Data

Data Projects

Here are some projects I’ve done using data analysis with Excel and Python


Web Scraping Box Office Info-graph Script

September 30, 2024

I created a program that parses data from boxofficemojo.com using Python and various libraries (ex. Pandas, NumPy, PIL). The goal of this script is to automatically generate info-graphic images that are properly formatted and ready to post on various social media platforms.

(Sample image output with real data for week of August 30-September 5 2024)
The only thing not populated by code in this image is the source label, title, and background design. Everything else, including the date in the top left and the file name itself, is generated upon execution of the Python code
(Early test of text writing functions)

One unexpected problem was the length of movie titles. Sometimes, a title is too long and does not fit in one line. To combat this I created a rudimentary text-wrap algorithm using recursive functions that separates text based on where the last space character (” “) appears before a certain character limit per line.

(Code Snippet)
This is the function that writes the movie’s info on the picture and handles the text wrapping

This data scraping exercise was less about the final product and was more focused on familiarizing myself with web data collection for analysis. Knowing that I can easily query online tables automatically will make conducting analysis much easier. Below are samples of data frames created from this experiment. The nature of this project does not require the amount of data collected but this data and methodology of acquirement will be useful in the future for other projects.
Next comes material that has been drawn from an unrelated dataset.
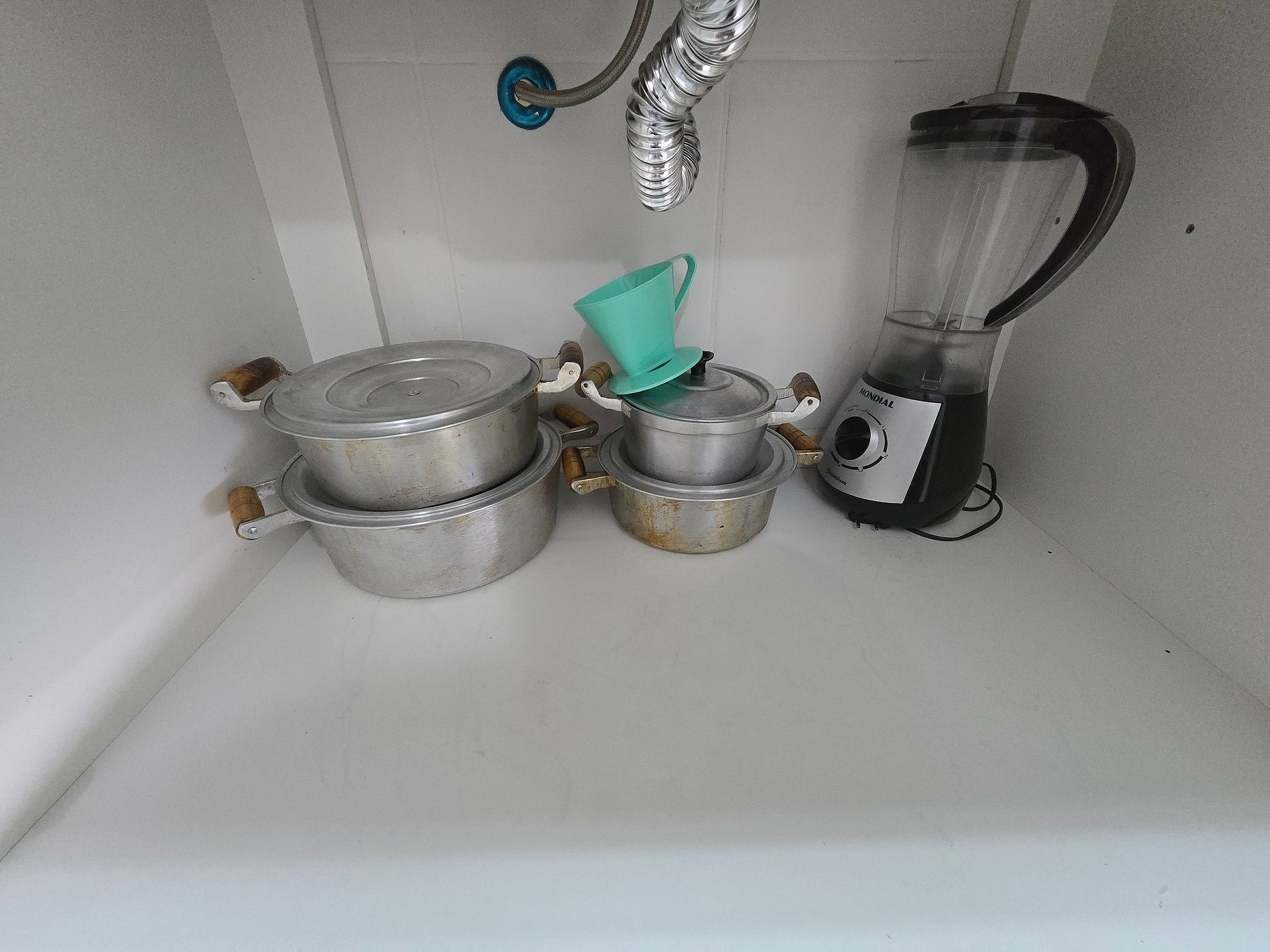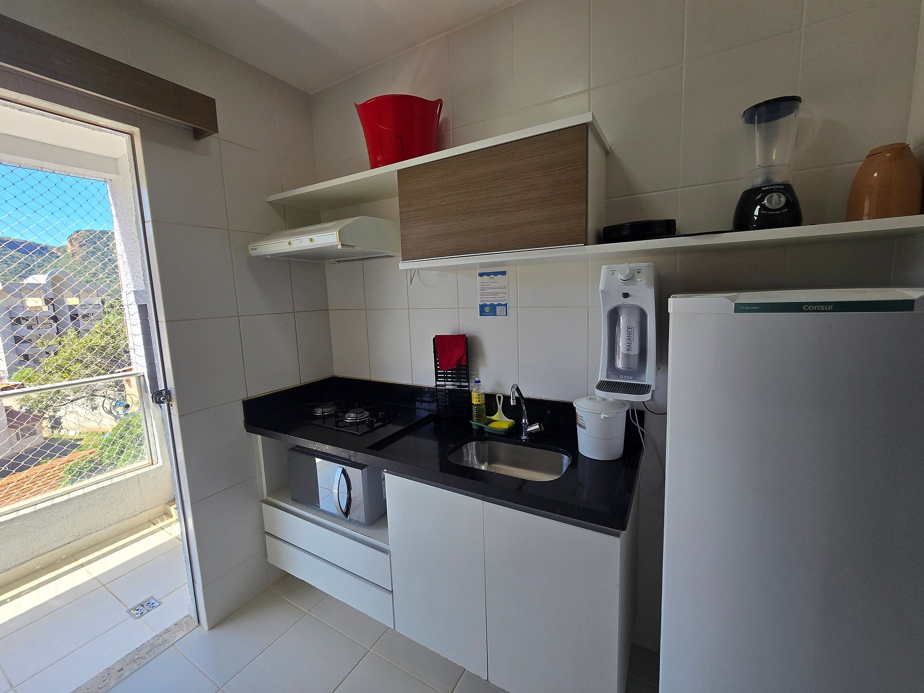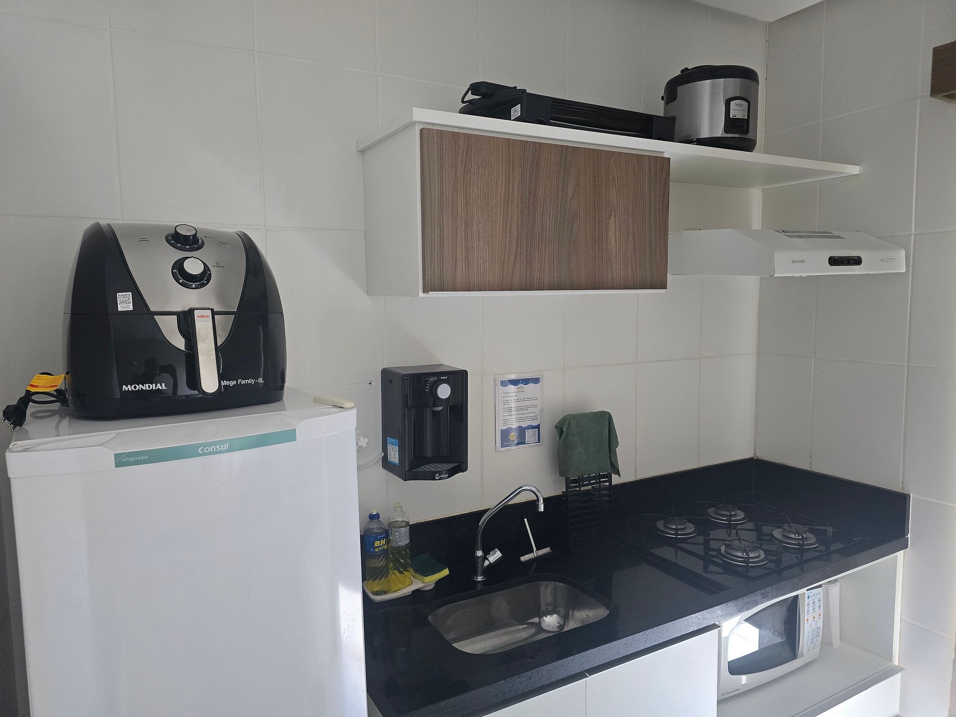 Airfryer 8L, churrasqueira elétrica, panela elétrica para arroz e legumes, cooktop, sanduicheira, liquidificador, filtro de água, geladeira, micro-ondas, louças, panelas, copos, talheres, saca-rolhas, utensílios de cozinha, garrafa e coador de café, balde para gelo, exaustor e pano de pia.

More work is required for the bot and minor aesthetic tweaks will be made but this is essentially what it is.


Movie Industry 5-Year Analysis

I lead a group of fellow students in a Data Mining class final project. The goal of this project was to analyze the top 100 movies each year over a 5-year period (2015 – 2019) to find out what the most profitable movie genres are and if there were conditions that lead to it becoming more or less profitable (such as release date, number of theaters released in, and distributor). We used advanced Python functionalities and machine learning to clean up data and create visualizations and models to help illustrate our findings.